April 30, 2009 · Leave a Comment

Whoever destroys anything that could be useful to others breaks the law of bal tashchit, “Do not waste.”

Babylonian Talmud, Kodashim 32a (second or third century)

The thing that struck me in the quote was the definition of waste, “destroying anything that could be useful to others.” We tend to think of waste primarily as what we put in the trash and what fills our landfills. This definition, however, makes waste relational. In fact thinking about waste relationally makes it much more difficult to do so. If I have to think about how what I am doing impacts others it becomes much more difficult to act harmfully.

The converse is also true. What makes it so easy for us to waste so much is that we choose not to think about it relationally. Consumption is a linear progression from producers to consumers to landfills. The only problem is where to put all the garbage. We know that much of our electronic waste ends up dumped in Africa where poor people sift through it for valuable materials while being exposed to toxic chemicals. Your gadgets don’t just disappear when they become obsolete.

This seems to be one of the things consumerism deadens us to. We are not attached to our things because we’re always obsessed with the newest gadgets. We don’t seem concerned or aware with where the old obsolete gadgets go. It is as if we believe they simply disappear into some old Apple ][ heaven somewhere (or maybe Windows hell…I digress). But they don’t disappear. They go somewhere and they affect someone else for good or bad.
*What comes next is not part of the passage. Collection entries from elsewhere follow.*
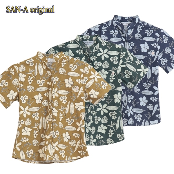 【送料無料】形態安定 ハンドペイントプランツ柄 かりゆしウェアP1025-18L L|サンエーオンラインショップ(本店)
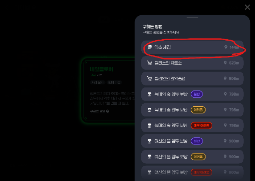 약초채집 메뉴에서 원하는 허브를 눌러서 해당 허브가 있는 포인트로 이동한 후, 네잎클로버 채집을 시도하여 무한채집을 진행한다.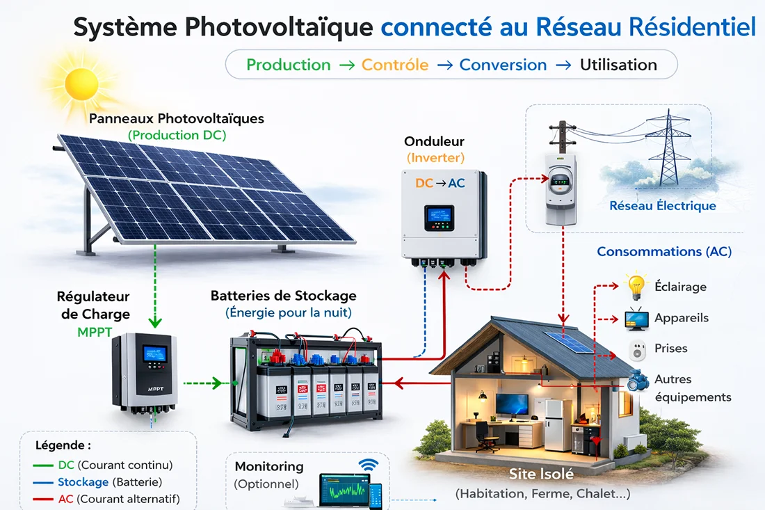 Un système photovoltaïque connecté au réseau industriel est une installation solaire de moyenne ou grande puissance destinée aux usines, ateliers, entrepôts ou bâtiments professionnels. L’énergie produite alimente en priorité les équipements industriels, et le surplus peut être injecté dans le réseau public selon la réglementation en vigueur.

Rather than just thinking about where our waste goes and who it affects, this quote also reminds us that living in community with others, knowing our neighbors, means that more of our “stuff” can find a home where it is needed or can be shared. We can also reduce the amount of things we “need” if we hold more in common with our brothers and sisters. How many lawn mowers would one neighborhood need if they were shared. Less than one (or two) per household I’m sure.

The kingdom of God is other-centered. My guess is that garbage men and sanitation engineers will have to find new jobs in the city of God.

This is an ongoing series exploring Teachings on Creation Through the Ages. Quotes are taken from the article of that name in The Green Bible.